I attached a tooltip to each word of a tossup to display its word number in the final PDFs. This was my second attempt to enable the collection of buzz location data, after a bare first prototype in HTML/JS (February 2012).
This misguided elaborate approach,
using xsl:analyze-string
to tokenize mixed content in XSLT,
failed not only due to differences in PDF viewer abilities,
but because I was more worried about restoring kerning.
Growing bored of typography-for-its-own-sake, and annoyed at the folly of not solving an actual problem well, I quit fiddling around making text pretty and instead started to enjoy writing questions for practice and vanity in plain Markdown, which produced output like this.
For the next shift in strategy, I abandoned bloated PDF in favor of elegant HTML
accompanied by an incredibly simple script (number.js
)
to do the valued word-numbering work on the client side.
To overcome browser incompatibility and wasted computation, that script (though simple!) was soon replaced with a build pipeline that pre-calculated clickable words (October 2017). In parallel, I've worked on a rudimentary linter to check formatting and other issues.
For cross-platform Docx conversion, I swapped out textutil
(Mac-only built-in) for Pandoc.
The former basically preserves everything in the Docx but is not necessarily semantic,
whereas Pandoc is structure-oriented but lossy and a bit version-unstable.
Ten years in, I'm convinced that HTML is the proper archival and machine format for quizbowl packets. HTML is simple, flexible, forgiving, ubiquitous, and easy to parse. A pipeline of Docx to HTML incrementally tweaked by a small suite of modular scripts gives reasonable power and control (as intermediate files can be inspected), while perhaps coming at the expense of strict semantic or error-guarding needs.
I do think some improvements to readability and typography are worth it, especially when they can be incorporated in HTML, but they have very low priority, and I believe everything involving LaTeX and PDF is a messy waste of time for quizbowl's needs.
I probably also should have been using a virtual machine or a docker container, but I never really expected anyone else to use this and I still don't know how to use those.
TODO
- O
- original, after Docx to HTML conversion
- F
- formatted, wraps packet with a header and footer
- R
- ruby, finds PGs (pronunciation guides) and wraps in
<ruby>
tags - W
- words, wraps each word in tossups with
<m>
tag - A
- annotated, parses answerline directives for fancy display
This project is currently not freely licensed (although you may inspect the source code). Contact me for information about licensing.

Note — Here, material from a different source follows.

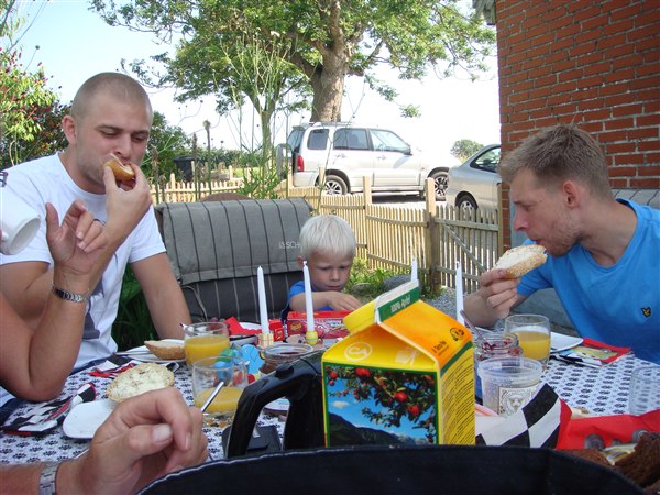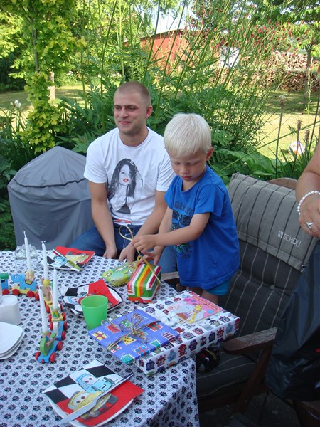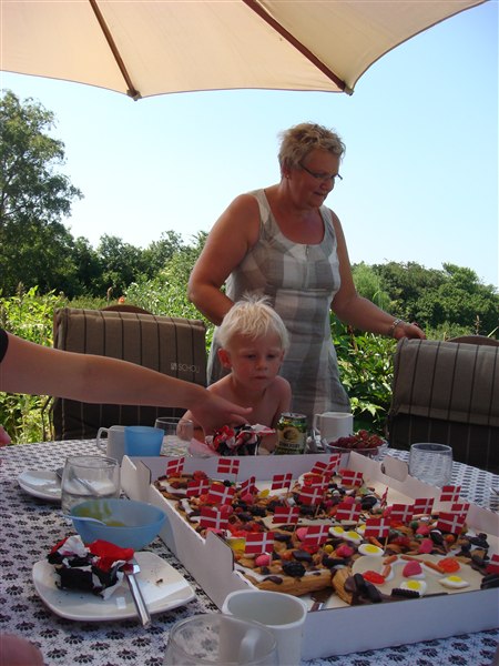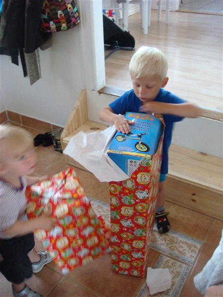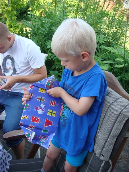 Lørdag formiddag kom familien til morgenkaffe og Bastian nød opmørksomheden og fik nogle super gaver
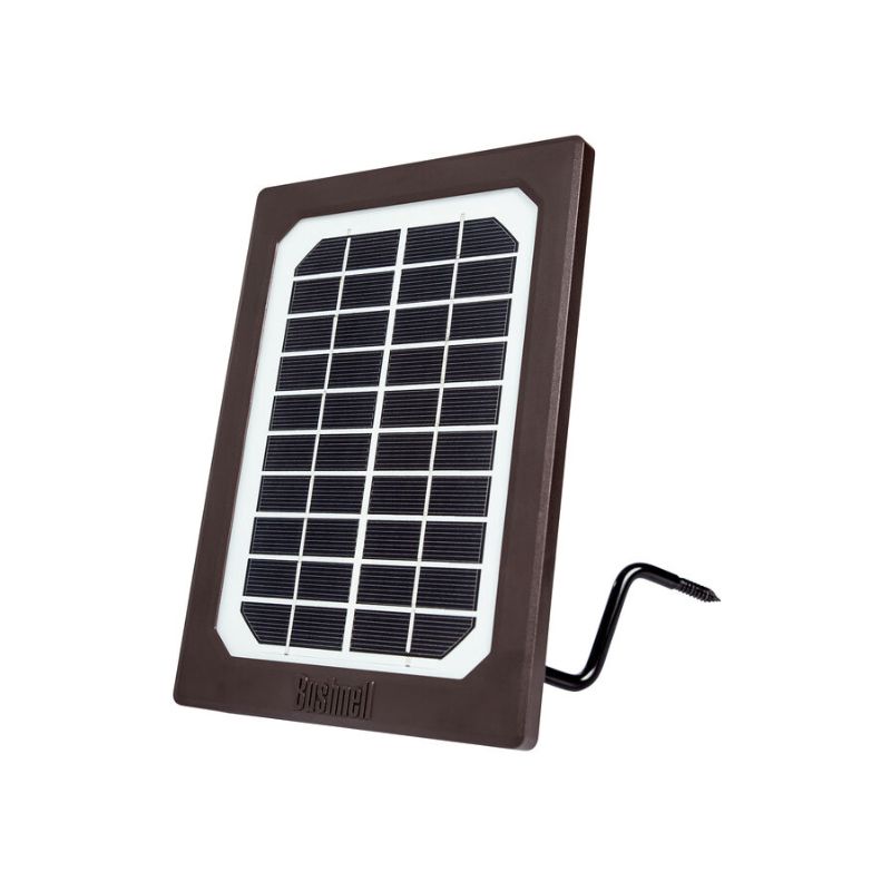 The Bushnell Solar Panel accessory (#119986) is designed to function as a supplemental source of power for all current models of Trophy Cam HD Aggressor, Trophy Cam HD Aggressor Wireless, Impulse, Core, CelluCore, and Prime series cameras. With the Solar Panel mounted near your camera and connected to its external power input jack, you will find that your camera’s batteries last much longer before they need to be replaced. The solar panel has an internal lithium ion power core, which is continuously charged by the solar cells when they are exposed to the sun. Once connected, the camera will draw its power from the solar panel’s charged lithium battery for as long as possible, switching to its internal batteries only when the Solar Panel’s battery’s charge level is too low. As a result, the camera’s batteries will have significantly longer life.

There is a trade-off in that permissive licensing helps prevent inefficient reinventing of the wheel, but doesn't necessarily lead to any progress in the tech. Thus it may be prudent to encourage people to make something better rather than merely rely on previous makeshift work.
This project's name is a contrived backronym – a word chosen for its fitting letters and not for a relevant meaning – ever the popular trope. But, if biologists are interested in an anatomical analogy, then here is a folk etymology:
As far as I understand, oligodendrocytes are cells that support the axons of neurons in the central nervous system. They have a nucleus with a few protuberances radiating outwards. You may imagine this shape as representing a central single source of truth document with branches for converting into different formats.